The SearchTitle field contains a stripped down version of book titles in my
table, all fields have a space followed by the words in the table followed
by an ending space (this is so that the current searches I do via the last
example work on whole words without ever finding partial matches). In the
above case the SearchTitle field contains just ' being jordan ' (without the
quotes).
SearchTitle is a varchar(255) field, and there are just under 365572 rows in
the table. The FT index shows 339632 items with 380112 unique words. I have
emptied the noise word files because they were causing problems with
searches, so I know it's not a noise word issue. This indicates that FTS has
skipped around 26000 records. I am currently running another full population
to see if the problem is a temporary one, but I was wondering if there are
known issues with FT indexing that I might be experiencing.
Dan
Being could be a noise word for the noise word list. Do you get the same
number of hits if you search on Jordan as you get if you search on Like '%
Jordan %'?
"Daniel Crichton" <msnews@.worldofspack.co.uk> wrote in message
news:urZxCI5rEHA.1204@.TK2MSFTNGP12.phx.gbl...
> I've been testing using a full text index on a few columns in one of my
> databases, and I'm having trouble with the index appearing to miss
> records.
> I have stopped all updates on my database, and done a full population of
> the
> SearchTitle field in my STK table. I have then waited until the full text
> update has completed, and there are no errors in the event log. I then
> tried
> the following queries:
> SELECT STK.ID, STK.SearchTitle FROM STK WHERE
> CONTAINS(STK.SearchTitle,'"being" and "jordan"')
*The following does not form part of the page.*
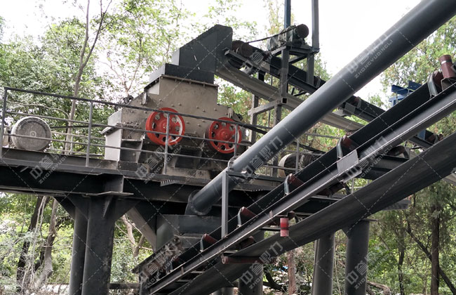原料經(jīng)皮帶輸送機(jī)從雙轉(zhuǎn)子制砂機(jī)ZSJ0808上方落入機(jī)腔進(jìn)行破碎,破碎后的物料經(jīng)一條皮帶輸送機(jī)送到一臺(tái)3YKZ2060振動(dòng)篩進(jìn)行篩分,篩分出5mm和小于3.8mm兩種成品砂,大于5mm的被一條返料輸送帶返回到制砂機(jī)進(jìn)行再次加工,形成一個(gè)閉路循環(huán)。

> Result is zero records. I also tried
> SELECT STK.ID, STK.SearchTitle FROM STK WHERE
> CONTAINS(STK.SearchTitle,'"being jordan"')
> Again, zero records. I then tried
> SELECT STK.ID, STK.SearchTitle FROM STK WHERE STK.SearchTitle LIKE '%
> being
> %' and STK.SearchTitle LIKE '% jordan %')
> and get 1 result, which is what I expect.
> The SearchTitle field contains a stripped down version of book titles in
> my
> table, all fields have a space followed by the words in the table followed
> by an ending space (this is so that the current searches I do via the last
> example work on whole words without ever finding partial matches). In the
> above case the SearchTitle field contains just ' being jordan ' (without
> the
> quotes).
> SearchTitle is a varchar(255) field, and there are just under 365572 rows
> in
> the table. The FT index shows 339632 items with 380112 unique words. I
> have
> emptied the noise word files because they were causing problems with
> searches, so I know it's not a noise word issue. This indicates that FTS
> has
> skipped around 26000 records. I am currently running another full
> population
> to see if the problem is a temporary one, but I was wondering if there are
> known issues with FT indexing that I might be experiencing.
> Dan
>
|||"Hilary Cotter" <hilary.cotter@.gmail.com> wrote in message
news:u71T0k6rEHA.3076@.TK2MSFTNGP10.phx.gbl...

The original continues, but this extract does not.